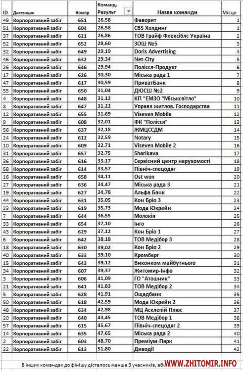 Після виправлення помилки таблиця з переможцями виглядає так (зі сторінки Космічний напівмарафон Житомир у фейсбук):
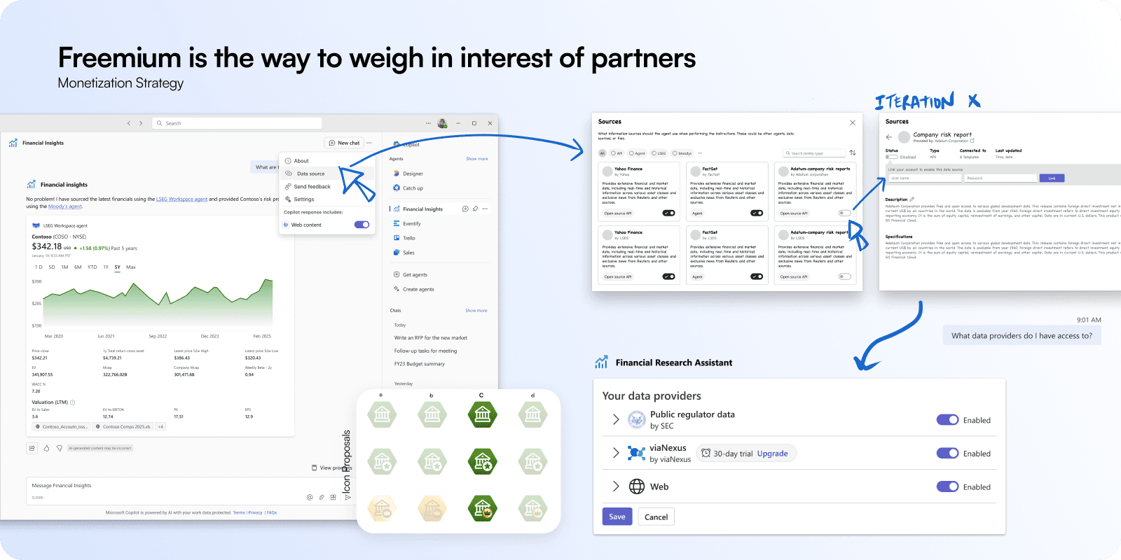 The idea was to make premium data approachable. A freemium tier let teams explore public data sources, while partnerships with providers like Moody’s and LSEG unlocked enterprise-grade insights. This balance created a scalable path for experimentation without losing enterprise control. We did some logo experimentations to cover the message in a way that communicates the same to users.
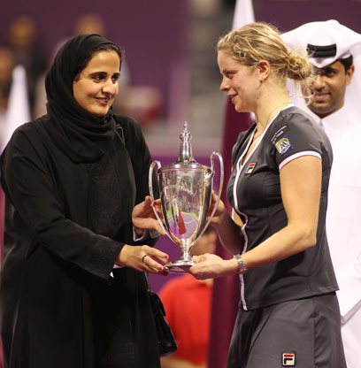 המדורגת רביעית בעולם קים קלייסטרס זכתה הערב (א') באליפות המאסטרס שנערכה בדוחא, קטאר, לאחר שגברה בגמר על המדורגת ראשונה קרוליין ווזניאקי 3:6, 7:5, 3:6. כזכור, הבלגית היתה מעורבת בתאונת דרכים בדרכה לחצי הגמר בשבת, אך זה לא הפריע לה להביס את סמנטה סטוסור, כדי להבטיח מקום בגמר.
:::::
Once you find the line that contains "The idea was", give it again along with every later line through the end of the data, word for word, minus the pictures.

 The idea was to make premium data approachable. A freemium tier let teams explore public data sources, while partnerships with providers like Moody’s and LSEG unlocked enterprise-grade insights. This balance created a scalable path for experimentation without losing enterprise control. We did some logo experimentations to cover the message in a way that communicates the same to users.
 המדורגת רביעית בעולם קים קלייסטרס זכתה הערב (א') באליפות המאסטרס שנערכה בדוחא, קטאר, לאחר שגברה בגמר על המדורגת ראשונה קרוליין ווזניאקי 3:6, 7:5, 3:6. כזכור, הבלגית היתה מעורבת בתאונת דרכים בדרכה לחצי הגמר בשבת, אך זה לא הפריע לה להביס את סמנטה סטוסור, כדי להבטיח מקום בגמר.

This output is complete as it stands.